Total RNA
was extracted with TRIzol reagent (Invitrogen) as previously described [54]. Integrity of RNA was checked by Bioanalyzer 2100 (Agilent). RIN values were above 9. Whole-genome microarray analysis The L. sakei microarray http://migale.jouy.inra.fr/sakei/?q=supplement comprises all PR-171 cell line the identified coding genes of strain 23 K represented by 70 nt long oligonucleotides synthesized by Operon Biotechnologies Inc. The manufacture of DNA chips as well as labelling, hybridization and image analysis were performed at the Biochips platform of Toulouse-Genopole http://biopuce.insa-toulouse.fr/Maquette/en/. Each oligonucleotide was spotted in triplicate on UltraGaps coated slides (Corning® Life Sciences). Total RNA (5 μg) was reverse transcribed and labeled with either Cy5 dCTP or Cy3 dCTP (Amersham Biosciences) using the ChipShot™ Direct Labeling System (Promega).
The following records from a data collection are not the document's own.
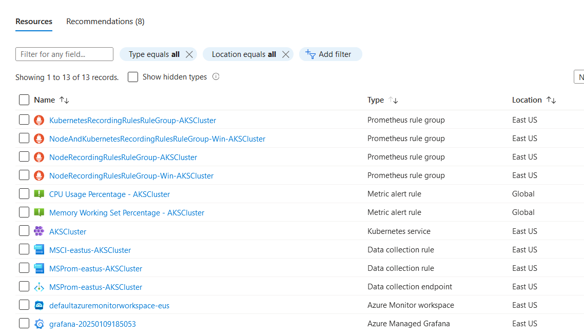 Com recurso do AKS já criado notaremos a presença de uma instância do Azure Managed Grafana no grupo de recursos em que o mesmo se encontra, bem como itens do tipo Prometheus rule group: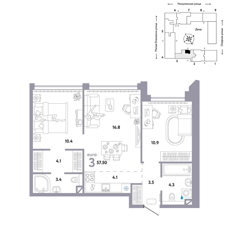 Купить новую трехкомнатную квартиру 57.5 м² на 9/30 этаже в ЖК «Страна.Озёрная», г. Тюмень за 44520000 ₽ | Агентство недвижимости «Вплюсе.Топ» — Недвижимость России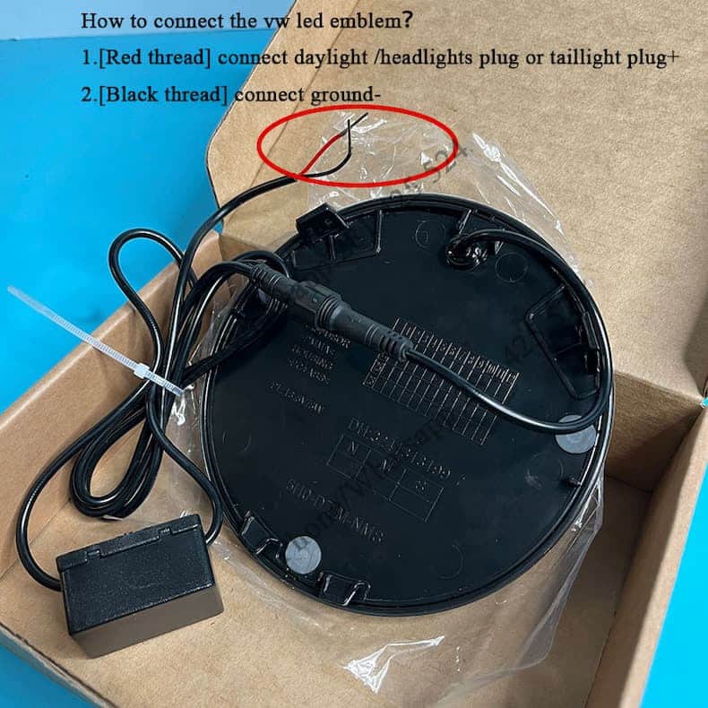 Note: The power supply required is 12V. Using a power supply over 12V may damage or burn out the emblem light.

Labelled cDNA (50 pmol of Cy3 and 50 pmol of Cy5) was included in a dye-switch hybridization protocol carried out in an automatic hybridization chamber (Discovery, Ventana Medical system). Images of scanned slides (GenePix 4000A Scanner-Axon Instruments) were analyzed, spots delimitated and hybridization signals were quantified and transformed into numerical values by GenePixPro v.3.01 software (Axon). Background noise was
JNK inhibitor rather homogeneously distributed and only a few spots were saturated at 75%, mainly those corresponding to rRNA. Statistical analysis of the data was conducted with the R Selleck OSI906 Package Anapuce 2.1 by J. Aubert http://www.agroparistech.fr/mia/doku.php?id=productions:logiciels. Normalization rested on a global lowess regression followed by a block
correction, after filtering out spots with a signal to noise ratio < 3 (including empty spots). Background was not subtracted. Differential analysis was performed on average values for the triplicate spots obtained by the MeanBySpot function. Three models of variance were applied: one variance by gene, a common variance for all the genes and clusters of genes with equal variance (varmixt). Two different multiple testing corrections were Fludarabine used to adjust raw P-values, Bonferroni correction (which is the most stringent) and False Discovery Rate of Benjamini and Hochberg, with a nominal type I error rate set to 0.05. Microarray accession numbers The microarray data have been deposited in the Array Express database http://www.ebi.ac.uk/arrayexpress/ under the accession numbers A-MEXP-2068 (array design) and E-MEXP-3238 (experiment). Real-time qPCR for quantitation of steady-states transcripts The mRNAs corresponding to the genes of interest were measured by qPCR using SYBR Green fluorescence, appropriate specific primers (see additional file 4: list of primers) and total first-strand cDNA as template. Contaminating DNA was first eliminated from RNA samples using TurboDNA-free from Ambion.